Hunting the Huns: Alberta's Big Sky Country
The Upland Almanac|Autumn 2024
The prairies of southern Alberta are vast, beautiful and full of prime bird habitat. Crop fields are interspersed with abandoned farms, rolling hills are intersected by coulees and creek beds, and Hungarian partridge and sharptailed grouse occupy some of the best and most picturesque habitat on the continent.
J. J. Faux
Hunting the Huns: Alberta's Big Sky Country

Southern Alberta is also considered to be Canada's pheasant capital. It's even possible to harvest all three birds on the same day in the same area if your timing is right. A visit here is on the bucket list of many upland bird hunters. It was on mine.

The Trans-Canada Highway crosses much of this area, and there are a number of small towns between Medicine Hat and Pincher Creek that make good starting points. The habitat is there. The area is sparsely populated, and most of the land is open to the public. It's so vast the cover seems endless, and the sky seems so big that it's easy to imagine you have it all to yourself. That's a significant part of its endearing charm.

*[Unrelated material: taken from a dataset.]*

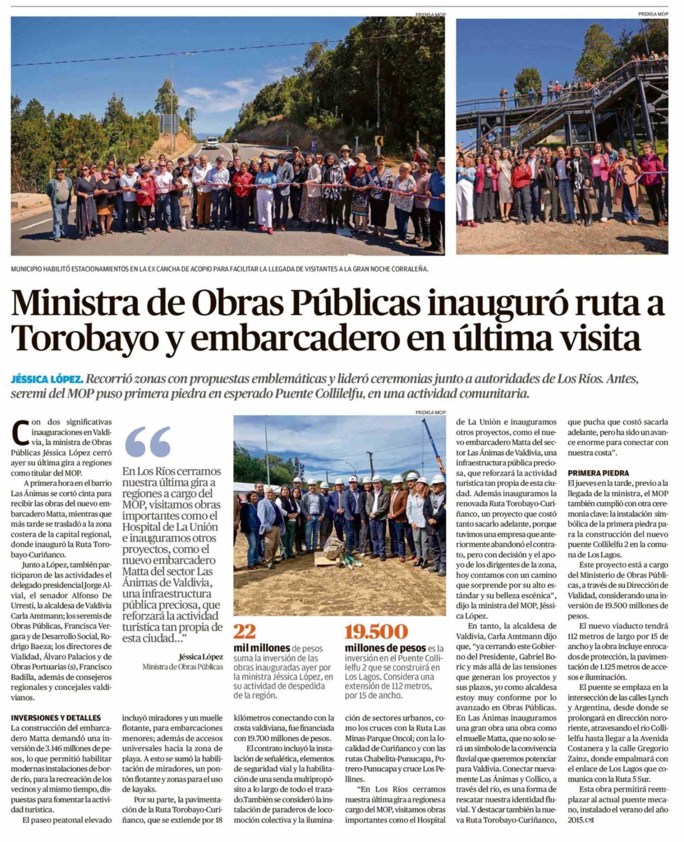 Título: Ministra de Obras Públicas inauguró ruta a Torobayo y embarcadero en última visita
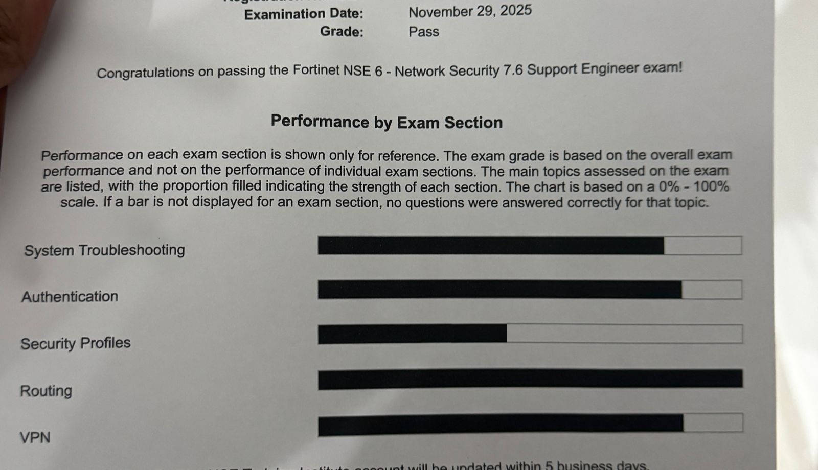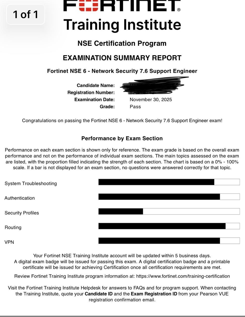 - 100% Score in the Real Network Security 7.6 Support Engineer (FCSS_NST_SE-7.6 Exam) at the Pearson VUE Testing Center

When my buddy Rino Grassa suggested I accompany him on a bird hunt there, I cleared my schedule and began counting the days. It wasn't long before a quick flight into Calgary and a rental car found us driving south to Bird Country to find a motel we could use as our headquarters. The Rocky Mountains seemed to float above the prairie off in the distance.

We woke to rain with a few snow flurries the next morning, but as the day progressed it morphed into being sunny, and the temperature rose from 32 up to 44 degrees. It was interesting weather for the beginning of October, but common for this far north. We began by hunting two sections of local farmland looking for Huns - which are known as gray partridges here. It was still close to freezing, and the wind was blowing out of the northwest at about 40-50 mph when we busted our first covey of maybe 15 gray partridges a half hour into the hunt. They flushed wild from the edge of the caragana trees as Rino's English setter Simon had them pointed from over 100 yards away the stiff wind blowing directly from the birds to Simon. When they flushed, they flew across the road. Their behavior was indicative of what we repeatedly experienced on our hunt.